Requirement:
Omit all pictures. Print the remaining lines exactly, from the start of the data through the line containing "The entry point".

Given data:
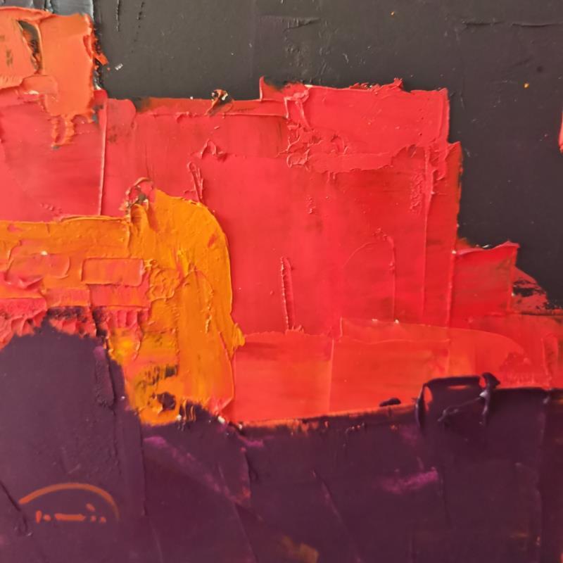 L'artiste a utilisé la technique Huile pour créer cette peinture petit format sur Papier de style Abstrait sur les thèmes Paysages, Scènes de vie.
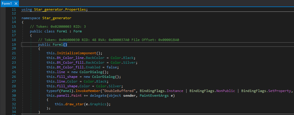 The entry point (Main()) calls Form1() from the Star_generator namespace, where the first function invoked is InitializeComponent().
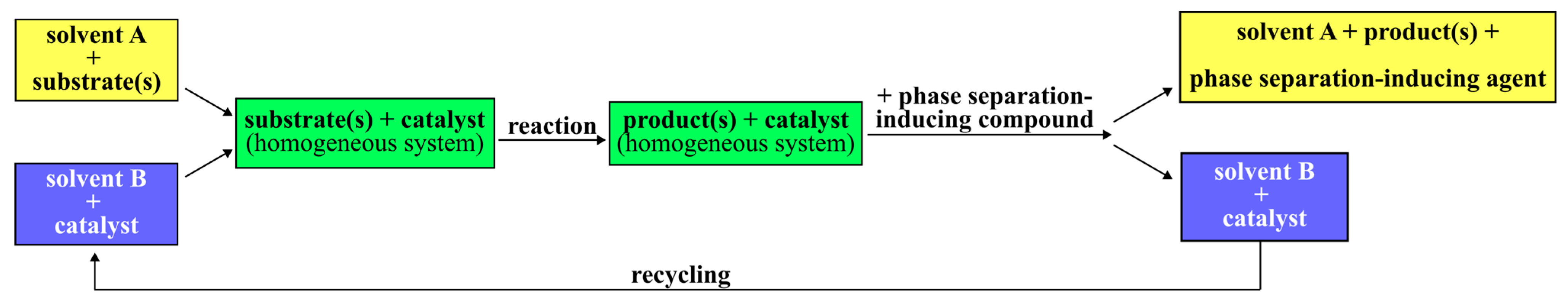- Bianga, J.; Künnemann, K.U.; Gaide, T.; Vorholt, A.J.; Seidensticker, T.; Dreimann, J.M.; Vogt, D. Thermomorphic Multiphase Systems: Switchable Solvent Mixtures for the Recovery of Homogeneous Catalysts in Batch and Flow Processes. Chem. Eur. J. 2019, 25, 11586–11608. [Google Scholar] [CrossRef]

Expected output:
 L'artiste a utilisé la technique Huile pour créer cette peinture petit format sur Papier de style Abstrait sur les thèmes Paysages, Scènes de vie.
 The entry point (Main()) calls Form1() from the Star_generator namespace, where the first function invoked is InitializeComponent().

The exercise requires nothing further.